- Work required:
Skipping all pictures, set down the lines of the listing from the first through the one with "Hulusi Akar'ın Özel".

- Information supplied:

··········

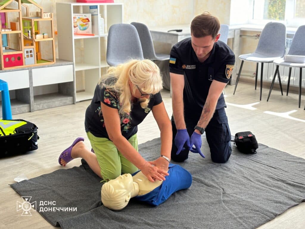 Для ВПО з Маріуполя рятувальники Донеччини провели навчання з пожежної безпеки та надання першої медичної допомоги
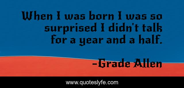 This page presents the quote "When I was born I was so surprised I didn't talk for a year and a half.". Author of this quote is Grade Allen. .
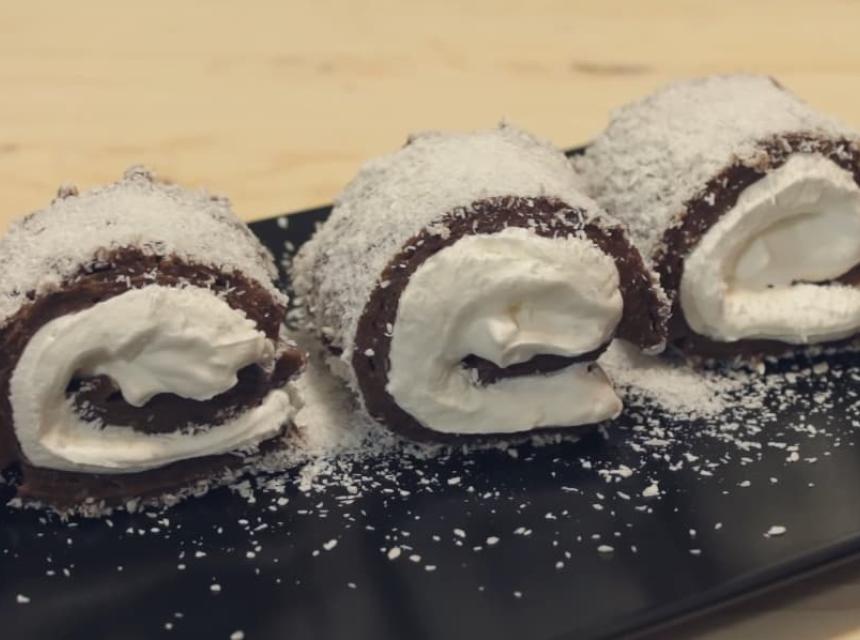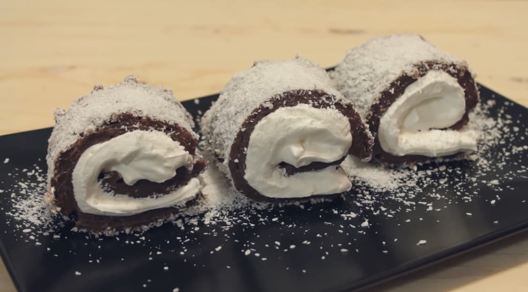 Ulupajte slatku pavlaku pa premažite preko “pudinga” . 150 – 200 gr šlaga ulupanih sa mlekom ili kiselom vodom može da zamijeni slatku pavlaku. Isjecite u štrafte i uvijajte do pola štrafte. Uvijete u krug, pa presiječete. Desnom rukom držite a lijevom nožem presječete.
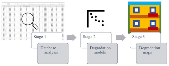 This research is divided into three stages, as illustrated in Figure 4. The first stage consists of analysing the database, which was developed by researchers from the project “Degradation, Measurement and Modelling (DMMproject)” of the graduate program in structures and civil construction at the University of Brasília, Brazil [11]. The second stage corresponds to the adaptation of the methodology proposed by Gaspar and Brito [15] to evaluate the probability and sensitivity to a specific defect of the different areas of the façades. The third stage comprises the definition of a model to represent the probability of occurrence of specific defects on ceramic claddings in the six regions of the façade considered, taking into consideration the database of 345 façades inspected in Brasília, with ages between 5 and 43 years of construction and an average value of approximately 23.5 years.
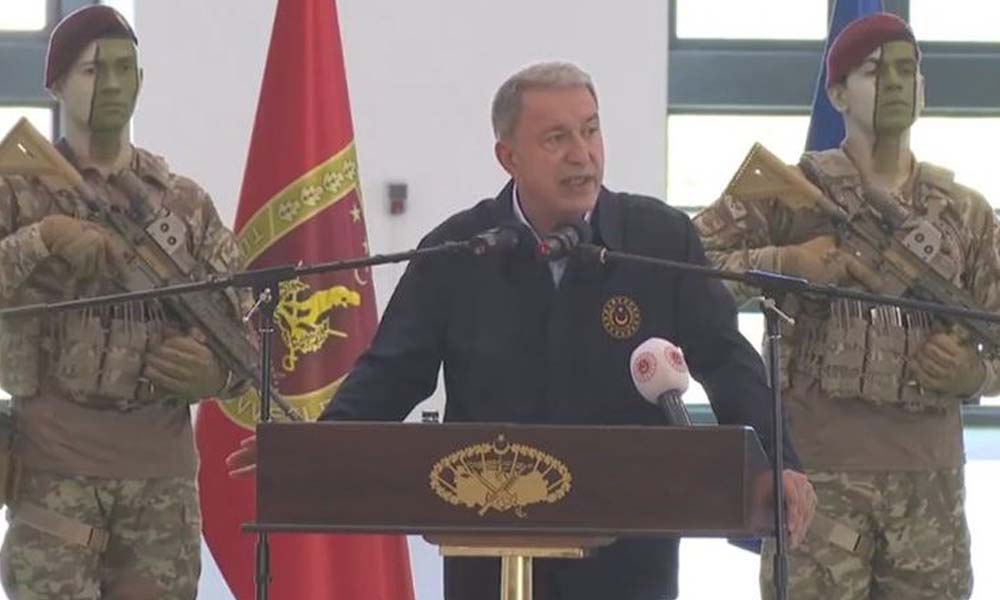Hulusi Akar'ın Özel Kuvvetler Komutanlığı'nda yaptığı konuşma sırasında arkasında duran 2 askerin silahlarında şarjör olmaması dikkat çekti.
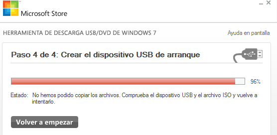 ¿Por qué windows 7 usb/dvd download tool me rechaza el xp?
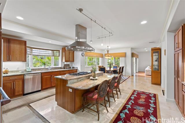 An award-winning residence in the prestigious Kahala neighborhood finely constructed with attention to detail and quality. This single level home of 3-bedrooms, 2 full baths, & 2 half baths blends modern elegance with timeless Hawaiian charm, offering an easy and comfortable living experience. The chef's kitchen is equipped with Thermador and Sub-Zero appliances, custom cabinetry, and a large countertop, ideal for culinary creations and gatherings. The open-concept living spaces, high ceilings, and seamless indoor-outdoor flow, are perfect for entertaining. The level lot showcases a landscaped garden and a spacious lanai, creating a private retreat for enjoying Kahala's idyllic climate. Equipped with a fully owned PV system, central air conditioning, pre-wired speakers, and a generously sized garage. Located in the heart of Kahala, minutes from world-class beaches, Kahala Mall, Waialae Country Club, and top-rated schools, providing both tranquility and convenience.

··········

- Answer:
 Для ВПО з Маріуполя рятувальники Донеччини провели навчання з пожежної безпеки та надання першої медичної допомоги
 This page presents the quote "When I was born I was so surprised I didn't talk for a year and a half.". Author of this quote is Grade Allen. .
 Ulupajte slatku pavlaku pa premažite preko “pudinga” . 150 – 200 gr šlaga ulupanih sa mlekom ili kiselom vodom može da zamijeni slatku pavlaku. Isjecite u štrafte i uvijajte do pola štrafte. Uvijete u krug, pa presiječete. Desnom rukom držite a lijevom nožem presječete.
 This research is divided into three stages, as illustrated in Figure 4. The first stage consists of analysing the database, which was developed by researchers from the project “Degradation, Measurement and Modelling (DMMproject)” of the graduate program in structures and civil construction at the University of Brasília, Brazil [11]. The second stage corresponds to the adaptation of the methodology proposed by Gaspar and Brito [15] to evaluate the probability and sensitivity to a specific defect of the different areas of the façades. The third stage comprises the definition of a model to represent the probability of occurrence of specific defects on ceramic claddings in the six regions of the façade considered, taking into consideration the database of 345 façades inspected in Brasília, with ages between 5 and 43 years of construction and an average value of approximately 23.5 years.
Hulusi Akar'ın Özel Kuvvetler Komutanlığı'nda yaptığı konuşma sırasında arkasında duran 2 askerin silahlarında şarjör olmaması dikkat çekti.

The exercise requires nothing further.